Skip every picture, and copy exactly the lines from the one containing "После 10-го введения" to the end of the data.

[SOURCE MATERIAL Boundary: Start]

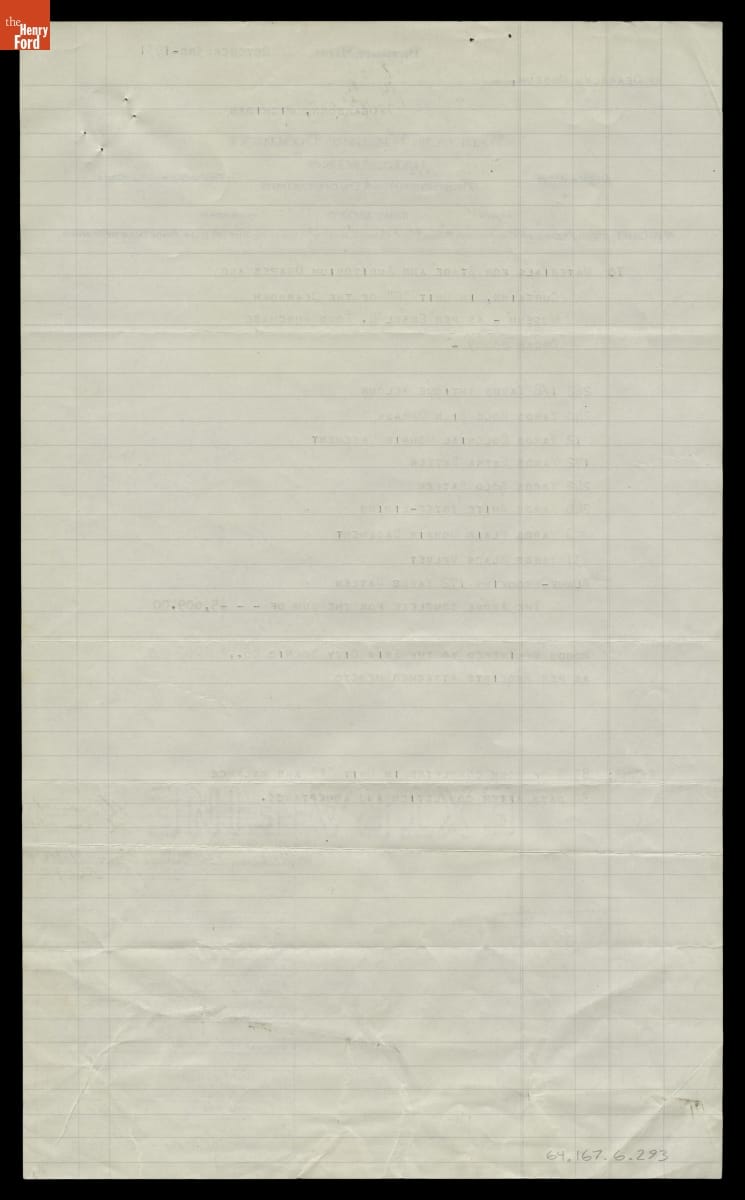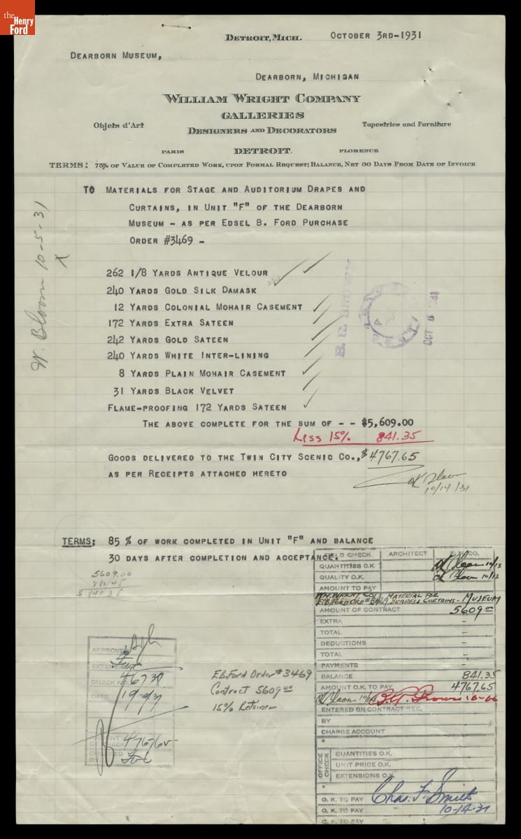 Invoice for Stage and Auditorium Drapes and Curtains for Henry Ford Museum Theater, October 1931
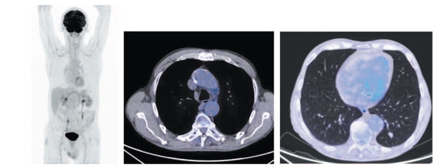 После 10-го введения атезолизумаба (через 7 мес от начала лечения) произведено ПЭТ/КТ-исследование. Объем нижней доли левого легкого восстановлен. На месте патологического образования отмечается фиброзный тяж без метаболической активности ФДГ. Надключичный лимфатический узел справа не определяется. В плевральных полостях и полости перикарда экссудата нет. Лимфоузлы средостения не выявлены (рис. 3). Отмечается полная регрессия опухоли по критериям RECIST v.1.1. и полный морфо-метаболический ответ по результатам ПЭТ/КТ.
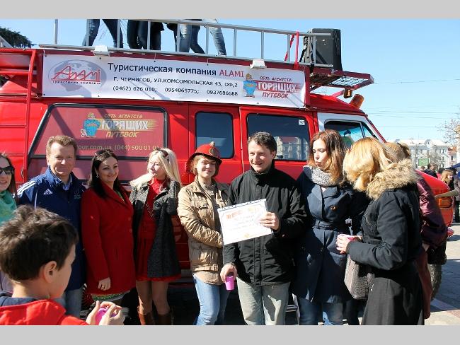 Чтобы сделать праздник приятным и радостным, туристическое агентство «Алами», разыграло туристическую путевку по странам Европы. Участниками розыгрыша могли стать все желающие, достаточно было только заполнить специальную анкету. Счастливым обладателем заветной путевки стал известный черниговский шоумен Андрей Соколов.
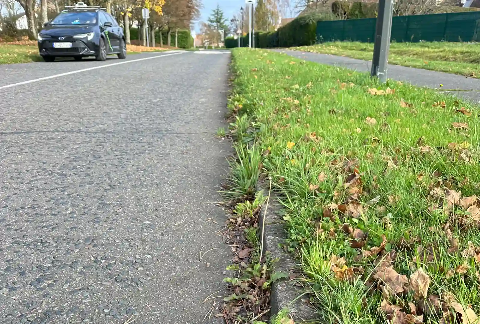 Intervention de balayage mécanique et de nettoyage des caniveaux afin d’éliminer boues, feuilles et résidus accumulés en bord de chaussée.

[SOURCE MATERIAL Boundary: End]

§ TASK RESULT:
 После 10-го введения атезолизумаба (через 7 мес от начала лечения) произведено ПЭТ/КТ-исследование. Объем нижней доли левого легкого восстановлен. На месте патологического образования отмечается фиброзный тяж без метаболической активности ФДГ. Надключичный лимфатический узел справа не определяется. В плевральных полостях и полости перикарда экссудата нет. Лимфоузлы средостения не выявлены (рис. 3). Отмечается полная регрессия опухоли по критериям RECIST v.1.1. и полный морфо-метаболический ответ по результатам ПЭТ/КТ.
 Чтобы сделать праздник приятным и радостным, туристическое агентство «Алами», разыграло туристическую путевку по странам Европы. Участниками розыгрыша могли стать все желающие, достаточно было только заполнить специальную анкету. Счастливым обладателем заветной путевки стал известный черниговский шоумен Андрей Соколов.
 Intervention de balayage mécanique et de nettoyage des caniveaux afin d’éliminer boues, feuilles et résidus accumulés en bord de chaussée.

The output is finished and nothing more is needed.